Oil prices at a 13-month low; slips to $102 per barrel

The International Energy Agency (IEA) believes that supply glut is shielding the market from price disruptions.

Oil prices at a 13-month low; slips to $102 per barrel
The unrest in Iraq, Libya, Ukraine and Gaza, coupled with an accelerating American economy, would normally spell a spike in crude oil prices. However, prices have slipped to a 13-month low of about $102 per barrel.

The easing of prices despite continued threat of disruption in oil supply can be attributed to three critical factors. First, the International Energy Agency (IEA) believes that supply glut is shielding the market from price disruptions.

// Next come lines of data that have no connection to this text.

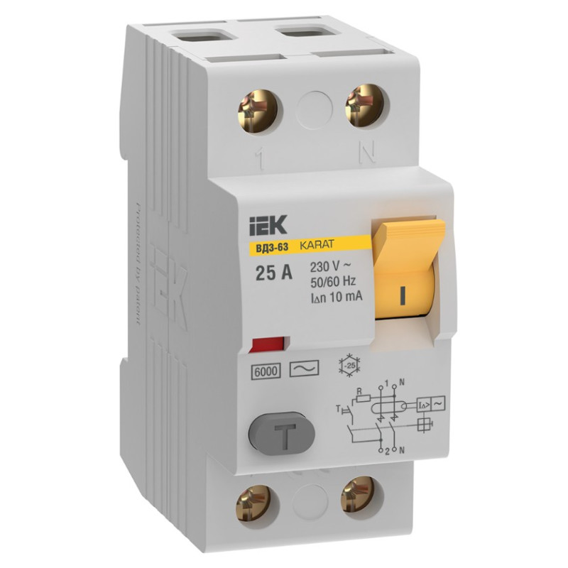 Выключатель дифференциальный (УЗО) IEK KARAT ВД3-63 2P 25А 10мА 6кА тип AC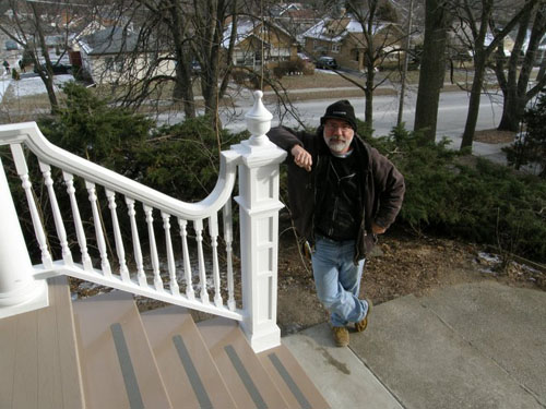 The new stair railing and custom newel post - both matching the original builder's plans. The newel post is 6 feet tall and made primarily of PVC - it will never rot.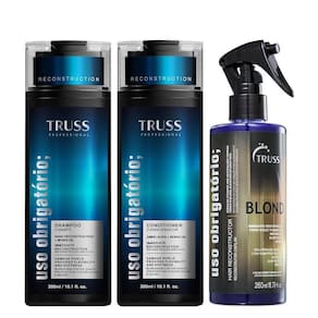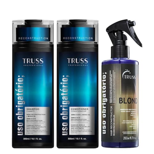 Contem: 1 unidade shampoo uso brigatorio 300ml 1 unidade condicionador uso obrigatorio 300ml 1 unidade truss uso obrigatorio blond tratamento reconstrutor 260ml Marca: Não Informado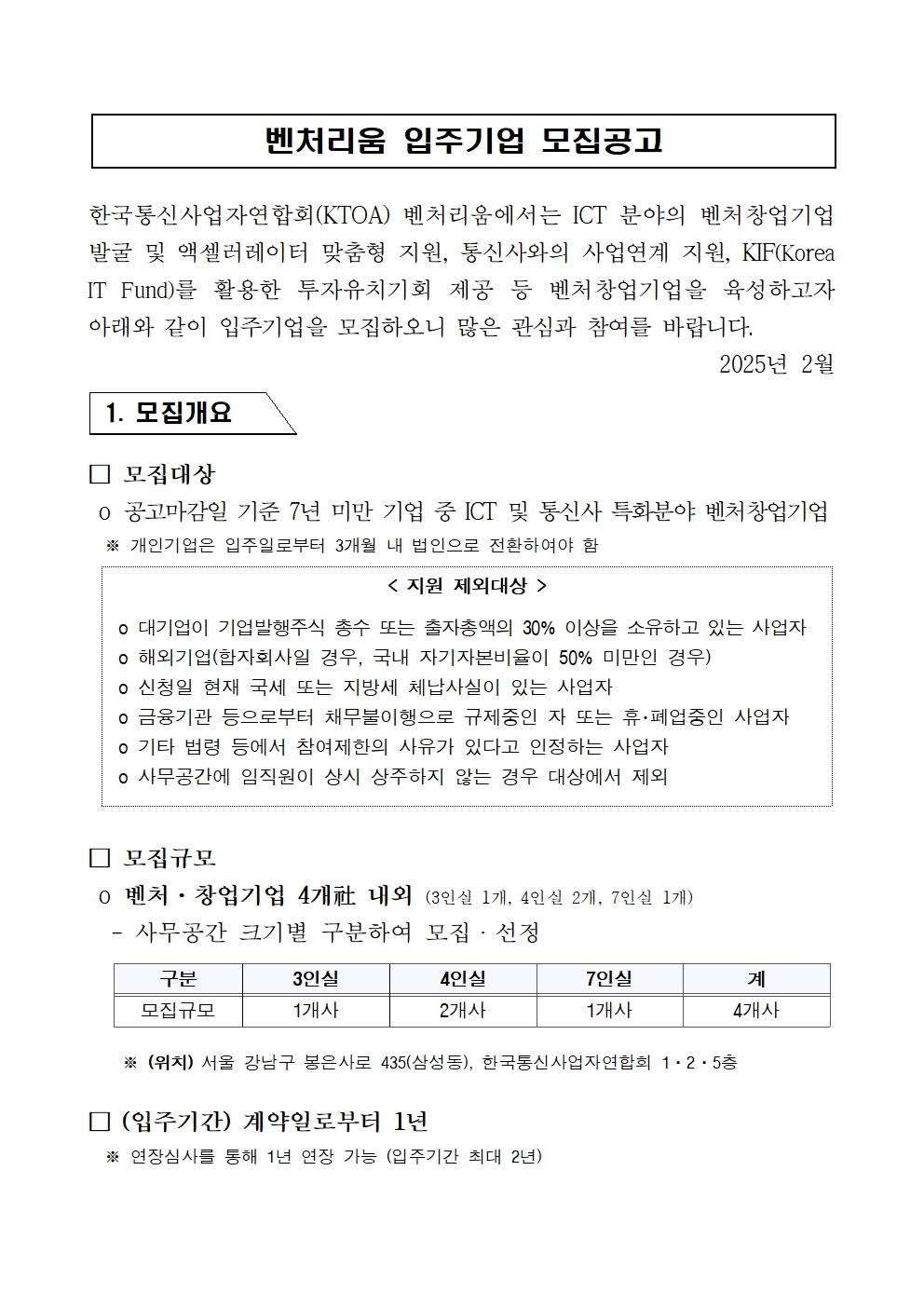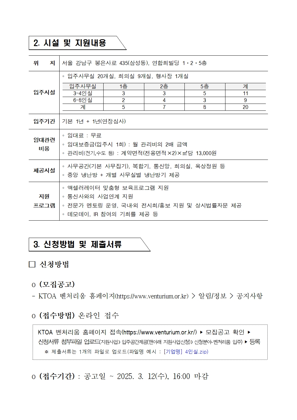 벤처리움 입주기업 모집공고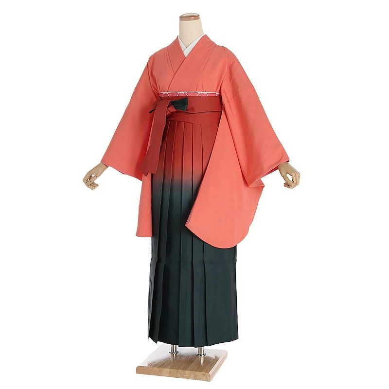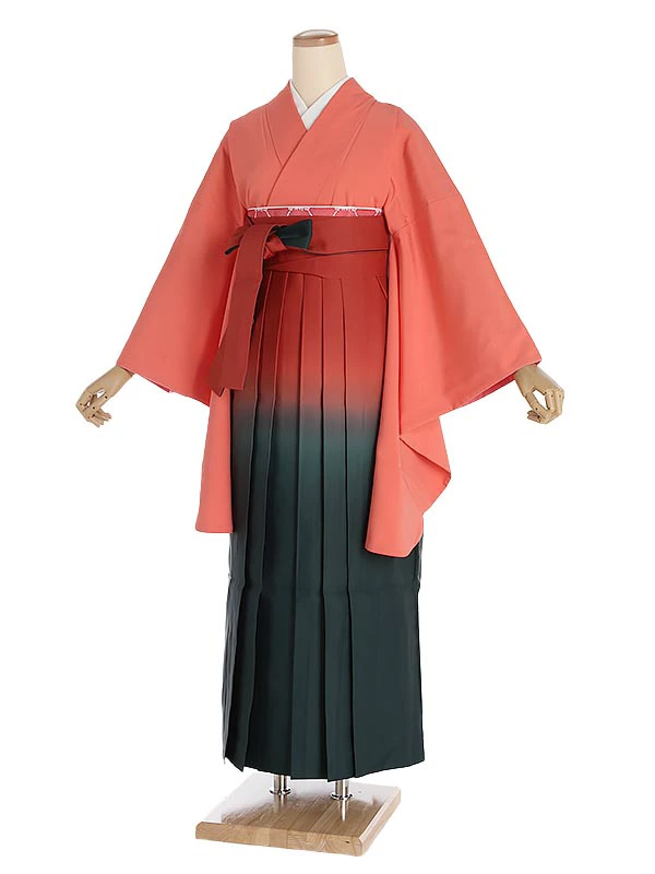 先生・教員向け袴 ピンク無地×緑ぼかし袴 0037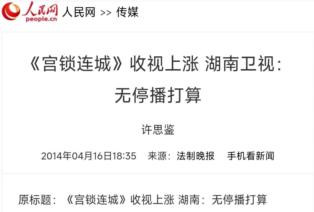 时间线回到2014年,湖南卫视坚持播于正的《宫锁珠帘》,所以琼瑶才又找到了电视剧播放的监管平台广电总局,希望停止播放于正的剧

The agency has lowered its estimate for oil demand growth for 2014 and 2015 after an annual expansion in fuel consumption during the quarter to June slowed to 7,00,000 barrels per day. IEA believes that the oil markets look better supplied than expected, with even an oil glut reported in Atlantic basin. The extent of supply surplus can be gauged from the fact that a major exporter such as Libya is struggling to find a buyer for its crude oil.

Second, Russia’s weak financial position is likely to keep its policy-makers from creating supply bottlenecks despite the country’s stand-off with the European Union. Last, the United States’ reliance on crude oil import has reached its lowest level since 1970.